この時に王についていけなかった国民はマーレによって収容所に送られ、過酷な生活を強いられるようになったのです。

「進撃の巨人」は23巻から突如全く知らない人物の視点の物語が始まり、今までの人物はほとんど登場しなくなりました。
いきなり登場したこの少年少女たちは、マーレの収容区で暮らすエルディア人の血を引くガビやファルコという人物です。当時リアルタイムで進撃の巨人を読んでいた読者は大混乱です。
マーレの戦争兵器として巨人の力を継承するため日々訓練に勤しむガビやファルコたちですが、マーレ人から当たり前のように酷い差別を受けます。
それでも同じエルディア人の訓練生やマーレ人ながらも比較的に優しく接してくれる人たちがいましたし、ガビやファルコは過酷ながらも何とか最低限の日常を過ごしていました。

しかし、やはり登場するエレンたちの存在で日常は一変します。
パラディ島勢力と呼ばれるエレンと調査兵団の仲間たちはマーレの収容区を襲撃し、マーレ人を大量に殺害しました。
ガビやファルコの仲間やマーレ人でありながら、ガビやファルコをからかいつつも優しく接してくれた収容区の門兵のおじさん達も犠牲になります。
この時点でガビやファルコの視点に慣れてきた読者の心情は激しく揺れたことでしょう。

ただこれで終わるほど「進撃の巨人」は甘くありません。
門兵のおじさん達を殺害したのはエレンの同期のサシャ・ブラウスという読者人気も高い女性でしたが、ガビは復讐を誓いサシャを殺害しました。
ガビはパラディ島勢力に捕まりパラディ島に移送されますが、看守を殺害し脱走したところをエルディア人少女のカヤに助けられます。この優しいカヤは目の前で母親が生きたまま巨人に食われ、動けなくなっていたところをある人物に助けられた過去がありました。察しのいい方は気づいたかもしれませんがカヤを助けた人物はガビが殺したサシャでした。

もうお分かりでしょうが「進撃の巨人」のテーマは単に人間が巨人に立ち向かうことではなく、人類の復讐の連鎖を描いたものでした。
誰かが殺され、殺された誰かの仲間がまた誰かを殺す。人類の歴史はこの繰り返しです。
今、現実で起きている問題を紐解いてもほぼ全てがこれに収束します。人間は自分が正義だと信じて、残酷に敵を殺す歴史をひたすら続けているのです。

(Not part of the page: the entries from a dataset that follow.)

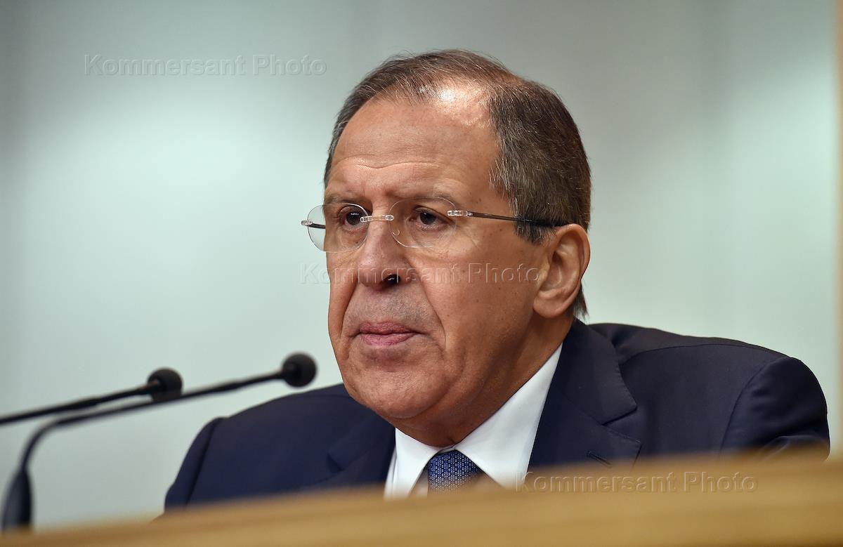 Министр иностранных дел России Сергей Лавров во время пресс-конференции в пресс-центре МИД России.
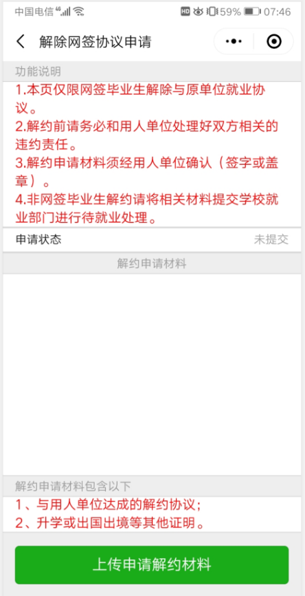 前提:只有网签的毕业生才能在小程序内提交解约材料,其他方式就业并需要解约的,线下联系91香蕉在线观看管理员处理即可。
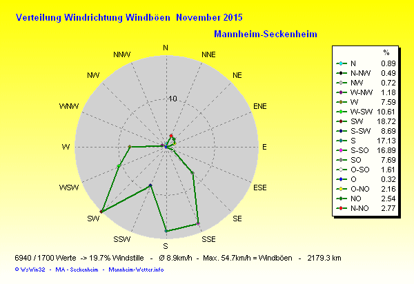 Die Durchschnittstemperatur für den Monat November 2015 lag bei 8.84°C. Die Abweichung vom langjährigen Mittel war +3.64°C.
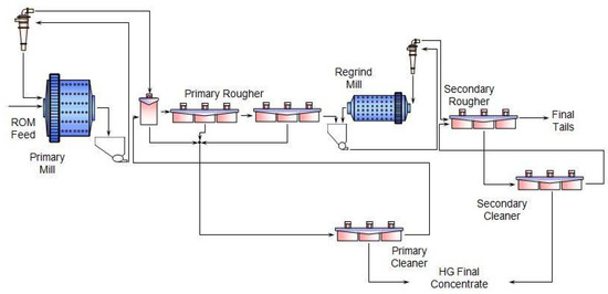 South Africa supplies almost 80% of the world’s platinum group elements (PGE) demands, contributing significantly to the economy of the country because of a massive resource deposit called the Bushveld Complex, BC [1,2]. The PGEs are extracted from three mineralised horizons, namely the Merensky, UG-2 and Plat reefs. The flotation efficiency of platinum group minerals (PGM) ores using conventional mechanical cells is hugely dependent on liberation. Conventional comminution circuits, comprising a cone crusher, high-pressure grinding roll (HPGR) and ball mill, targeting a primary grind of 80% passing 75 µm, are energy-intensive, as the finer the product size, the higher the energy consumption rate [3,4,5]. Fine grinding leads to the sliming of PGMs and BMS (base metal sulphides) due to overgrinding, thereby resulting in losses. Some PGM operations implement staged grinding utilising a complex mill, float, mill, float (MF2) circuit, as shown in Figure 1, in order to prevent overgrinding. A number of PGM concentrators implement flash flotation to recover coarse liberated PGMs and BMS in the hydrocyclone underflow stream, before recycling them back to the mill.
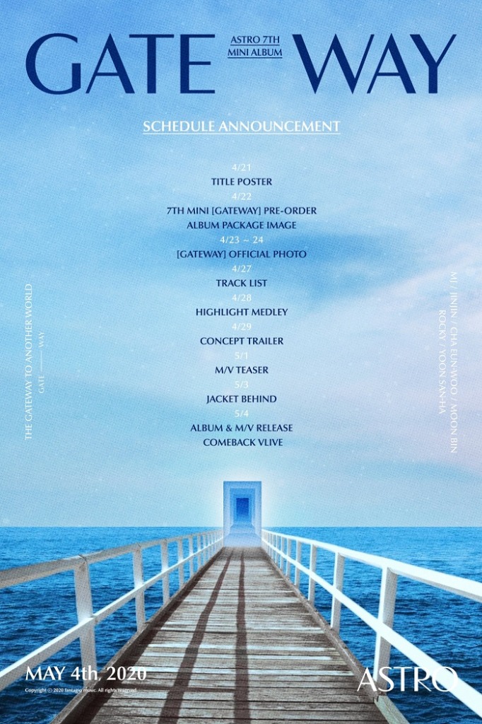 소속사 판타지오뮤직은 아스트로(MJ, 진진, 차은우, 문빈, 라키, 윤산하) 공식 SNS 채널을 통해 새 미니 앨범 ‘GATEWAY’의 플랜 포스터를 공개해 본격적인 컴백 준비를 알렸다.
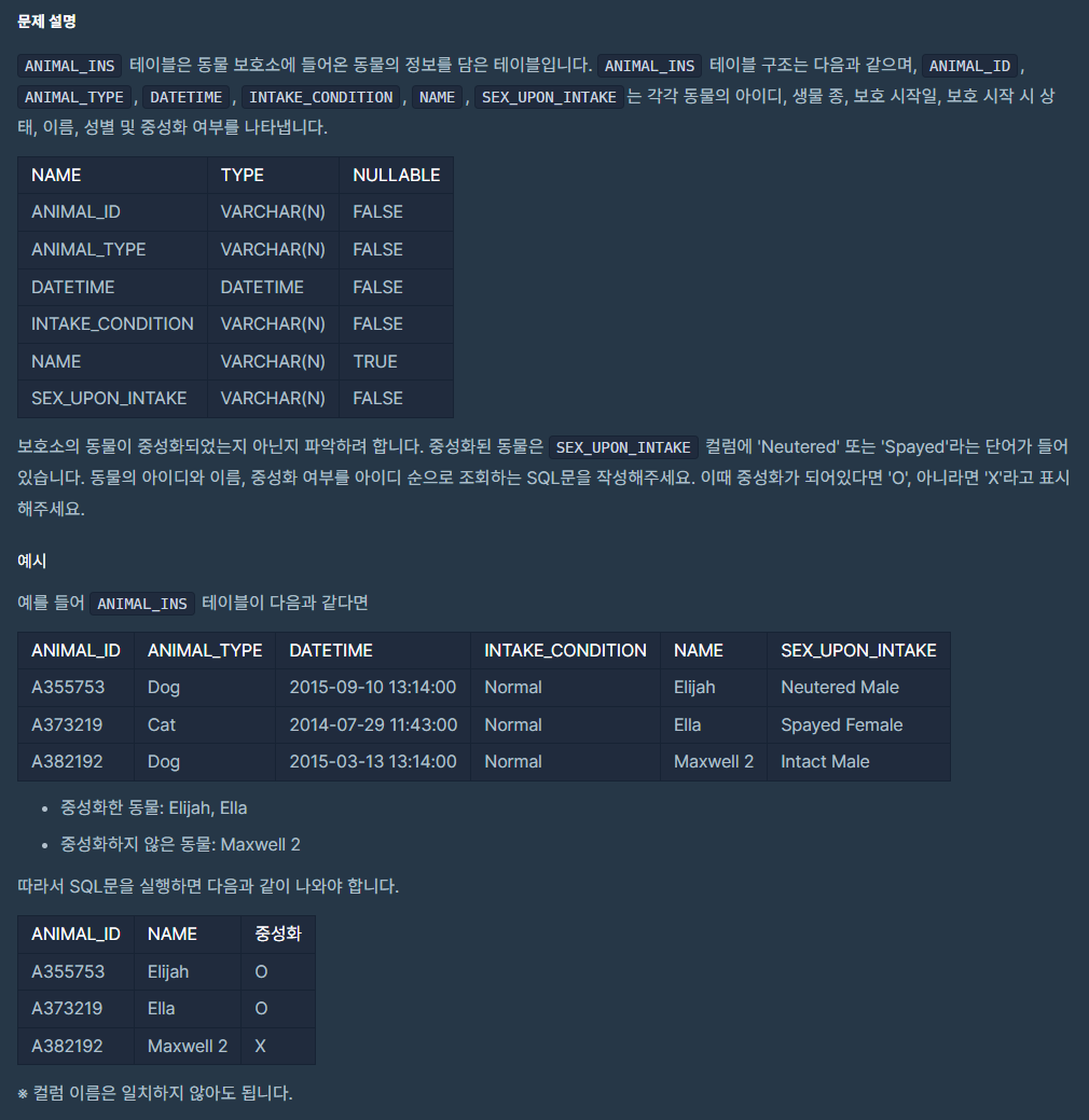 [Lv.2 / 프로그래머스 / SQL] 중성화 여부 파악하기
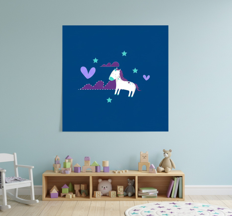 Ta očarljiva ilustracija prikazuje domišljijskega belega enoroga, ki stoji pred temno modrim ozadjem. Okoli tega magičnega bitja so stilizirani oblaki, pisane srčke in zvezde, kar ustvarja očarljivo vzdušje. Igriv dizajn vključuje mehke barve, kot sta vijolična in teal, kar ga dela idealen dekorativni kos za otroške sobe.
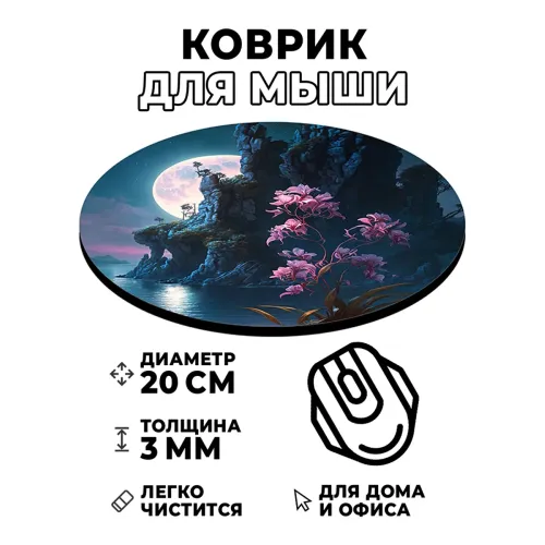 Коврик для компьютерной мыши с изображением полнолуния — это стильный и практичный аксессуар, который добавит уникальности рабочему месту. Он не только украшает стол, но и обеспечивает комфорт при использовании мыши.

「進撃の巨人」はあえて両方の視点を読者に見せることによって、読者が復讐の連鎖に気付く巧妙な作りになっています。
この連鎖に気づいた読者こそが真に「進撃の巨人」を楽しめた人と言えるでしょう。

最後にマーレ人捕虜でありながらサシャと懇意な間柄であったニコルの言葉を記載して紹介を終えます。「森から出るんだ。出られなくても…出ようとし続けるんだ…」。